Once he was cleared to go back to regular activities, it wasn’t so easy.

“That’s the problem with having cancer: You can’t just move on. It changes you and leaves a footprint on your heart,” he said. “It’s the tip of the iceberg. When you survive cancer there is psychological damage, too.

“I couldn’t sit still, so I wrote a novel — ‘My Hand Mitten.’ It took three years but was published my senior year of high school through Make-A-Wish.”

Thacker was five years cancer-free this April. That’s when he saw an ad on Instagram for the Ulman Foundation’s 4K for Cancer bike ride and he knew he had to do it.

“That’s where the love started,” he said.

Thacker trained five to six days a week for 200 days leading up to the ride.

He raised $4,600 for Ulman, which provides support for young adults who are diagnosed with cancer.

He rode from Baltimore to Seattle this summer, spending 70 days on the road. Banner-UMC came calling after that.

Thacker said he expects Saturday’s ride to take between five and seven hours to complete. And he hasn’t had a chance to train on his bike.

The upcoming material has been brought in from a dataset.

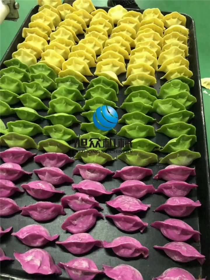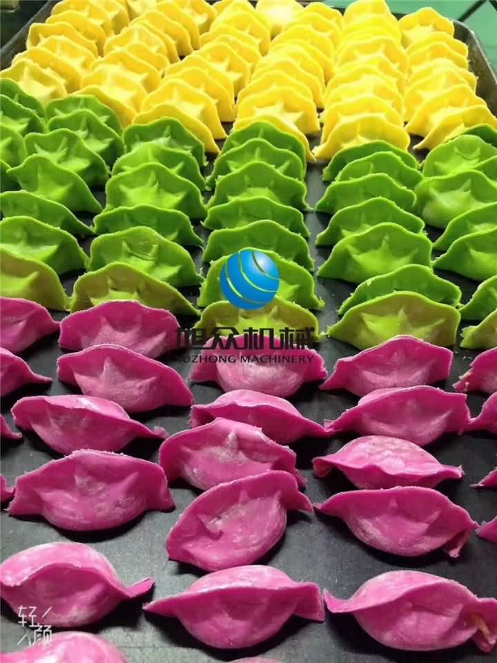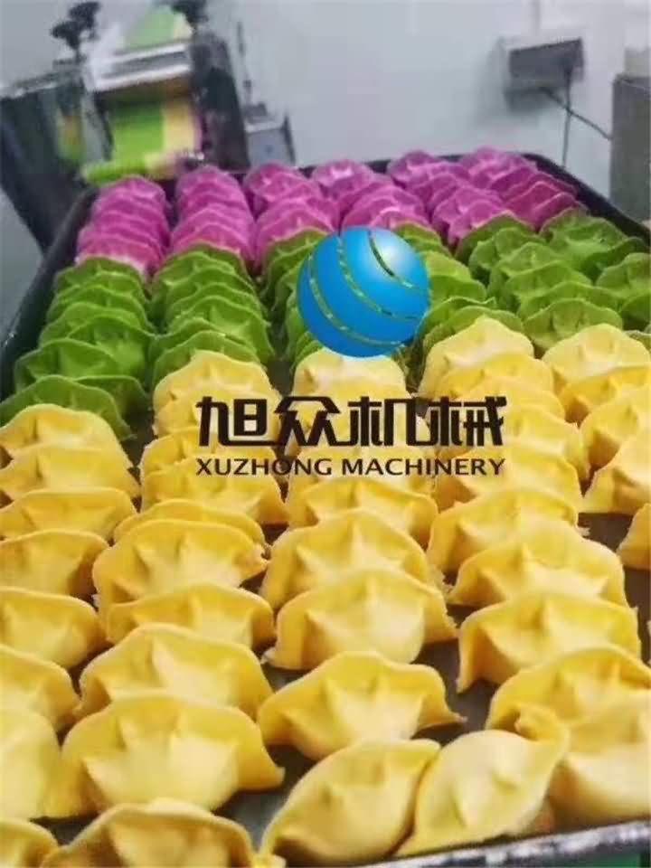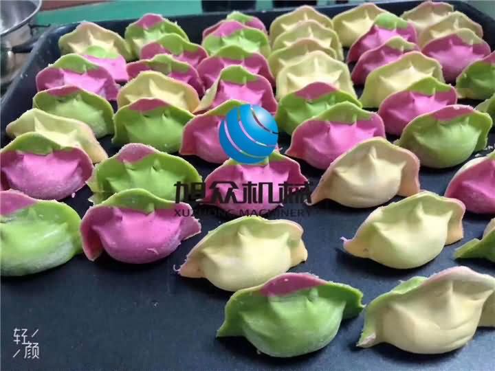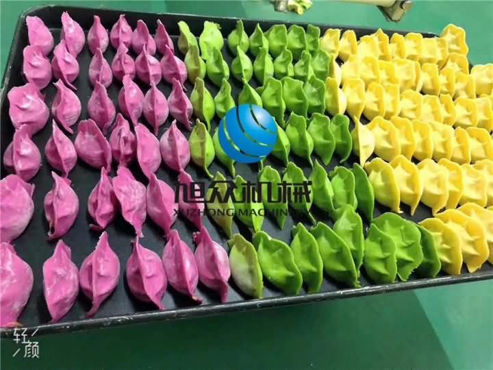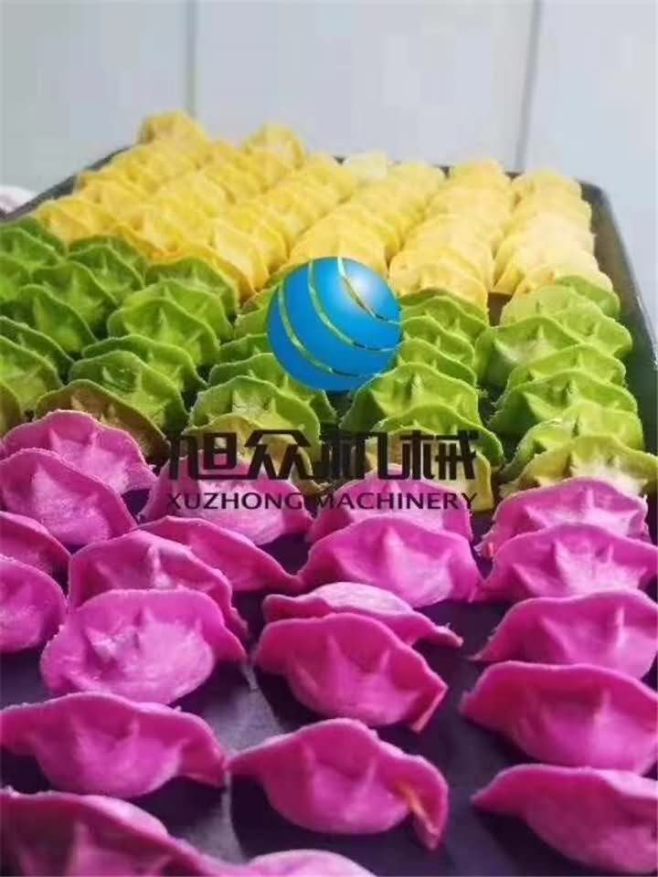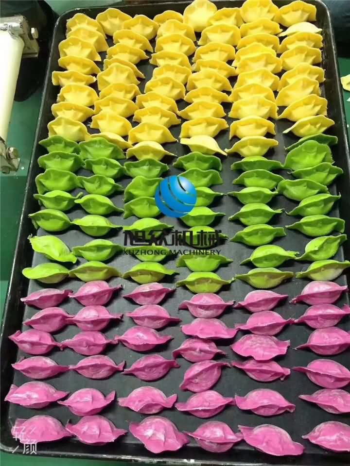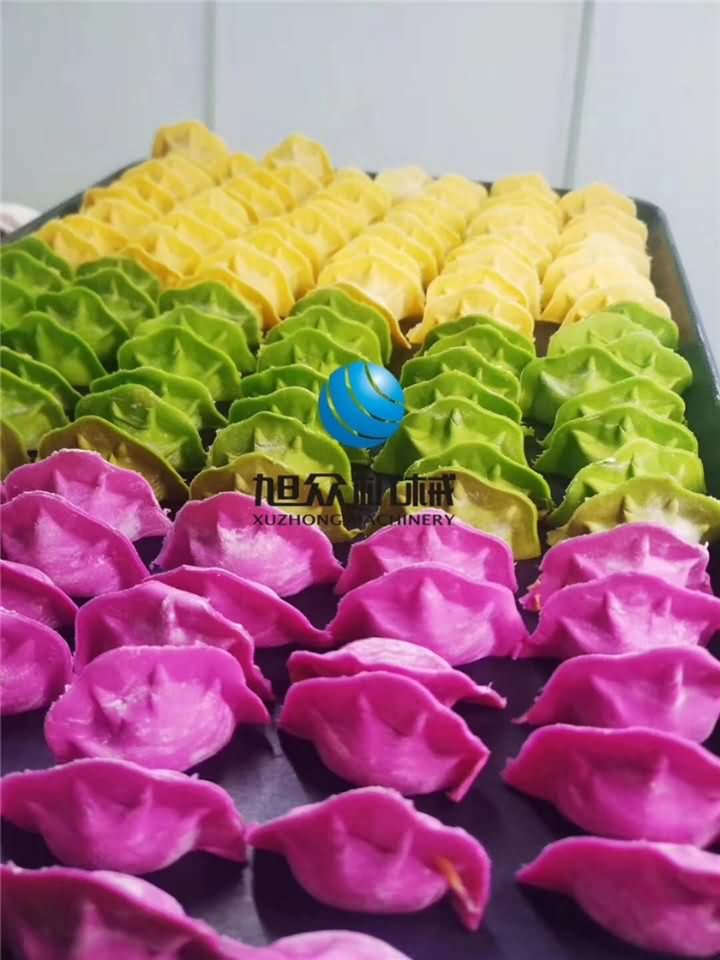今日JGB-210仿手工饺子机做三福饺子咯!用火龙果、菠菜、南瓜分别榨成汁再和面粉搅拌成不同颜色的面团,搅拌好的面团再通过压面机反复压成面皮后,最后通过饺子机自动包馅成型一个个果蔬水饺:

“I feel foolish that I’ve been riding a stationary bike in the gym,” he said. “I am very excited to see how far I can push myself — especially when I have a purpose. And riding for Banner Pediatric is a phenomenal purpose. I am grateful to all the wonderful people at Banner. It has a very special place in my heart. And to do this in my hometown warms my heart.”

Tour notes

  • As of Friday afternoon, more than 6,000 riders had signed up for Saturday’s rides, exceeding the number of participants last year. More than 800 signed up for the Family Fun Ride.
  • Former U.S. Congresswoman Gabrielle Giffords

and husband

  • Mark Kelly will take part in the 25-mile ride that starts at 1 p.m. at Marana Heritage River Park.
  • El Tour’s title sponsor Banner-University Medicine will use money raised from the ride to build a play zone for sick children at Diamond Children’s Medical Center. Events will be held there, as well as activities like pet and art therapy. Children will be able to watch movies and even make movies.

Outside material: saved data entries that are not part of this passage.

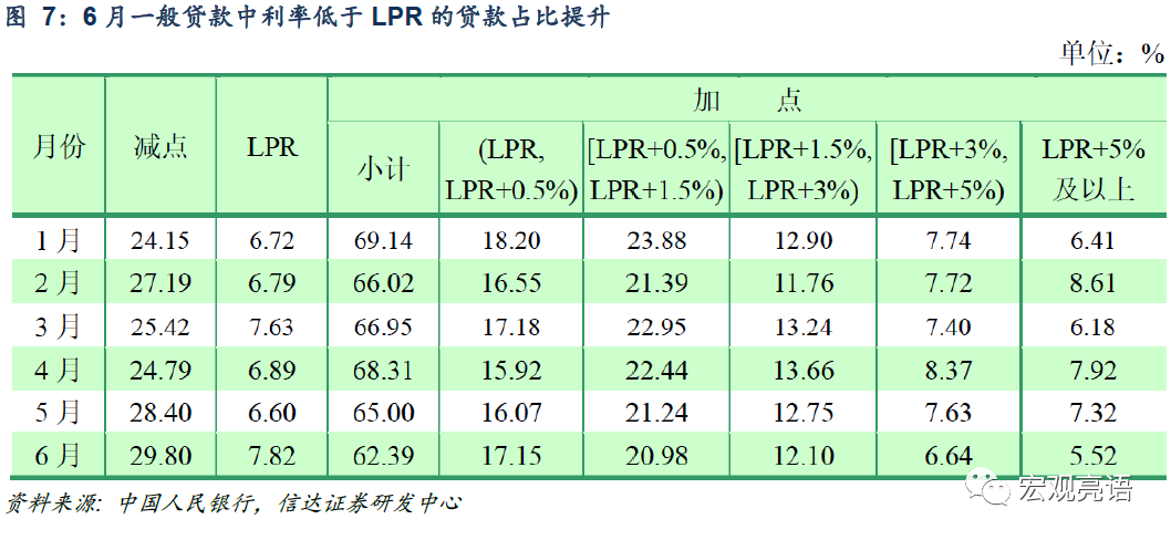 第六,6月利率低于LPR的贷款占比提升,关注可能出现的LPR下调。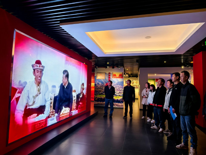 活動(dòng)中,大家觀摩了嘎拉村“團(tuán)結(jié)頌”主題教育展覽館。展覽館以“團(tuán)結(jié)頌、振興頌、英雄頌、解放頌”四大主題展區(qū),通過一幅幅歷史照片和詳實(shí)的發(fā)展歷程展示,生動(dòng)呈現(xiàn)了嘎拉村在黨的堅(jiān)強(qiáng)領(lǐng)導(dǎo)下,各族群眾團(tuán)結(jié)奮斗,實(shí)現(xiàn)美麗鄉(xiāng)村建設(shè)的巨大變化。同時(shí),黨支部依托展覽館黨員初心學(xué)堂電子平臺,開展黨建知識競賽,黨支部書記喬次仁圍繞總書記重要回信精神講黨課。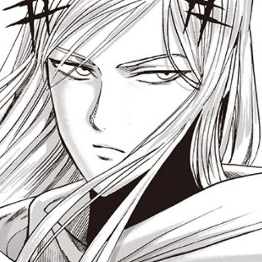 C'est un jeune et bel homme aux très longs cheveux blonds et au regard sérieux. Quelques mèches blondes tombent devant ses yeux. Il porte une cape blanche et une combinaison moulante d'un bleu foncé qui se termine par des chaussures à talon. Il se remarque tout spécialement par les nombreux symboles d'étoiles sur lui. Il y a 2 étoiles noires superposées comme broche sur le flanc droit de ses cheveux, 5 petites boucles d'oreilles en forme d'étoile sur chaque oreille, et un insigne de 2 étoiles superposées sur sa cape au niveau du col. On remarque quelques balafres sur son torse (bien musclé par ailleurs).[4]

Former El Tour dedication recipients

  • Kathryn Bertine

,

  • Nelson Vails

and

  • Denise Mueller-Korenek will all participate in Saturday’s ride. Vails is riding 100 miles, Bertine is riding 50 miles and Mueller-Korenek is riding 25 miles. Bertine said she fell in love with cycling the first time she rode 100 miles in Tucson. Her advice to new riders is to “revel in the entire experience and seize the moment.”

For the past 10 years, Vails — a former Olympic cyclist — has circled this date on his calendar. He said that fellow riders shouldn’t follow him, as he doesn’t “follow the rules. I ride in the middle of the road because there are thorns in the gutter.”

  • Charlene Grabowski, Perimeter Bicycling’s new CEO, ordered 2,400 rain ponchos that are now sitting unused in her garage. She was happy that the sun appeared at Friday’s news conference and expo.

“Mother Nature treated us well,” she said.